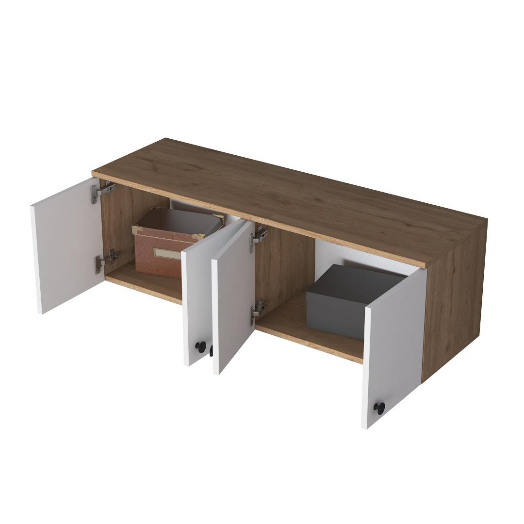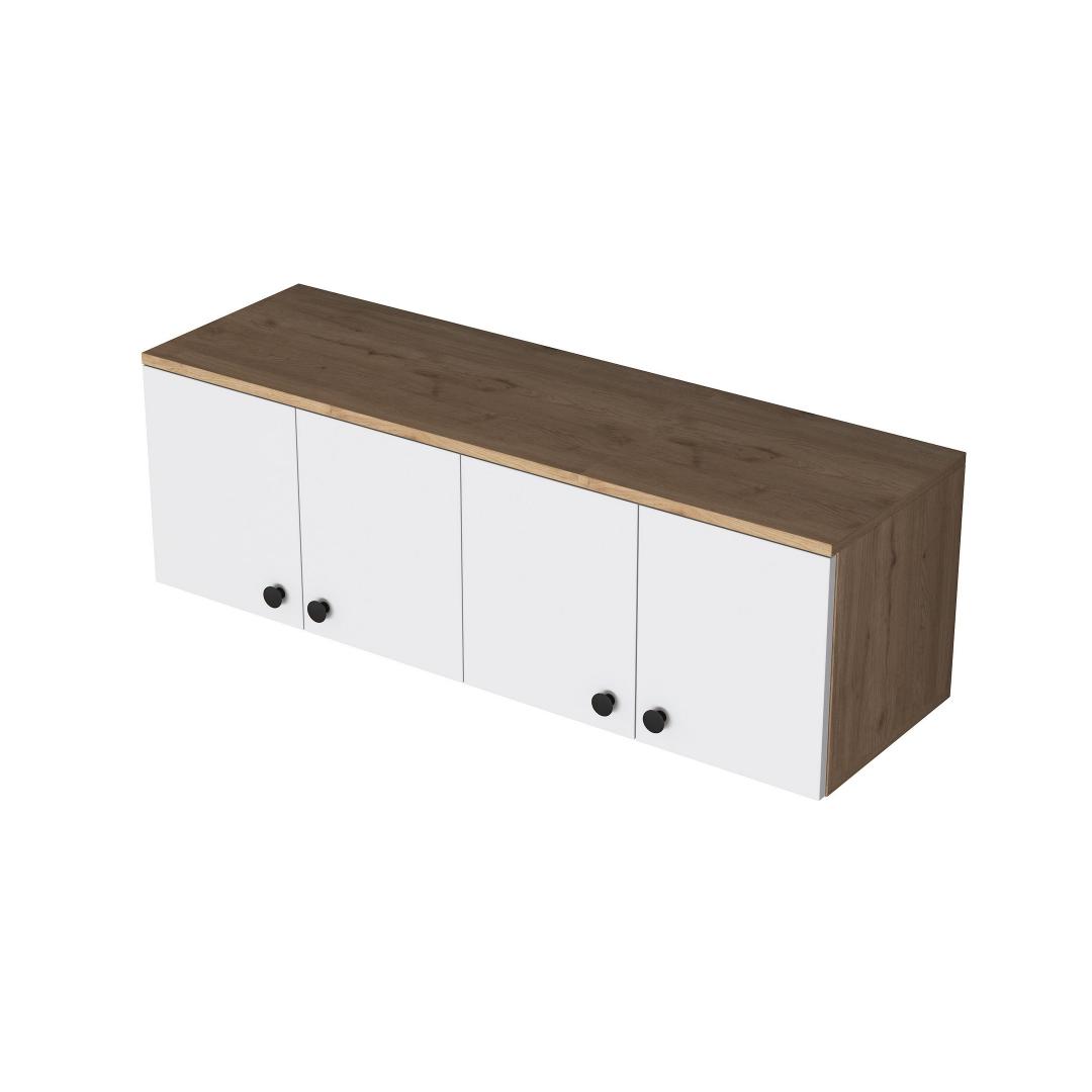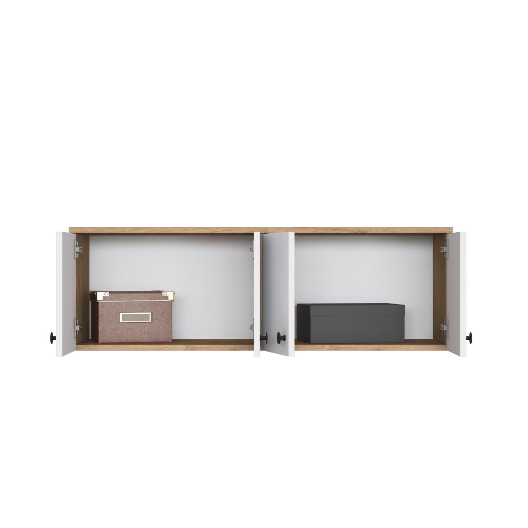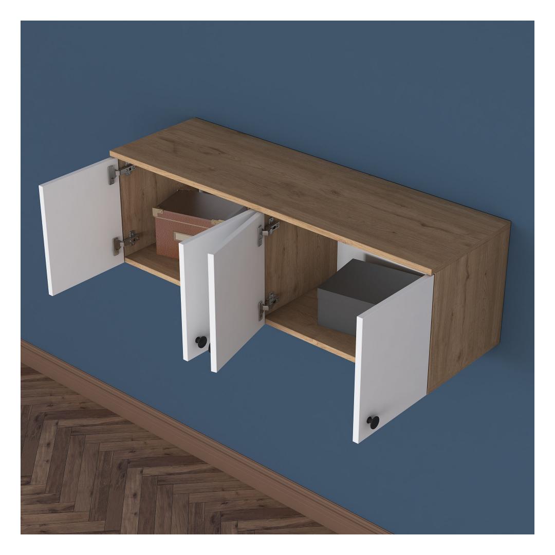 This wall cabinet can be easily fixed to the wall, providing a secure and stable storage solution. The compact size of 119.6 cm in width, 43.6 cm in height, and 37.5 cm in depth makes it ideal for smaller spaces while still offering plenty of storage options.
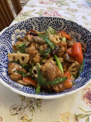 揚げて八分(ぶ)どおり火が通っている。炒めたら、合わせた調味料を加え、一気に仕上げて。
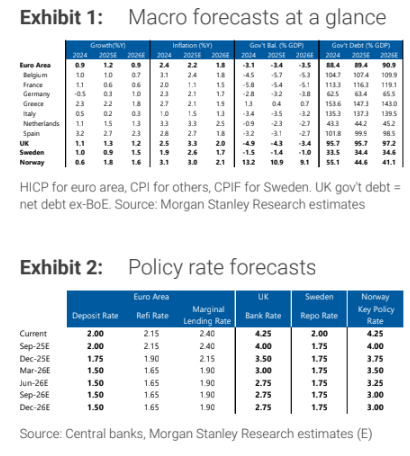 Η Morgan Stanley υπογραμμίζει ότι η Ελλάδα βρίσκεται σε καλύτερη θέση από τον μέσο όρο της Ευρωζώνης, με συνδυασμό θετικής ανάπτυξης, αποκλιμάκωσης χρέους και ελεγχόμενου πληθωρισμού. Ωστόσο, οι εξωτερικές πιέσεις -όπως η διεθνής εμπορική αβεβαιότητα και η ισχυροποίηση του ευρώ- ενδέχεται να επηρεάσουν την εξαγωγική δυναμική.

**ACTIVITY:** Every line above should be printed again word for word, without its pictures.

**ANSWER SECTION:**
 This wall cabinet can be easily fixed to the wall, providing a secure and stable storage solution. The compact size of 119.6 cm in width, 43.6 cm in height, and 37.5 cm in depth makes it ideal for smaller spaces while still offering plenty of storage options.
 揚げて八分(ぶ)どおり火が通っている。炒めたら、合わせた調味料を加え、一気に仕上げて。
 Η Morgan Stanley υπογραμμίζει ότι η Ελλάδα βρίσκεται σε καλύτερη θέση από τον μέσο όρο της Ευρωζώνης, με συνδυασμό θετικής ανάπτυξης, αποκλιμάκωσης χρέους και ελεγχόμενου πληθωρισμού. Ωστόσο, οι εξωτερικές πιέσεις -όπως η διεθνής εμπορική αβεβαιότητα και η ισχυροποίηση του ευρώ- ενδέχεται να επηρεάσουν την εξαγωγική δυναμική.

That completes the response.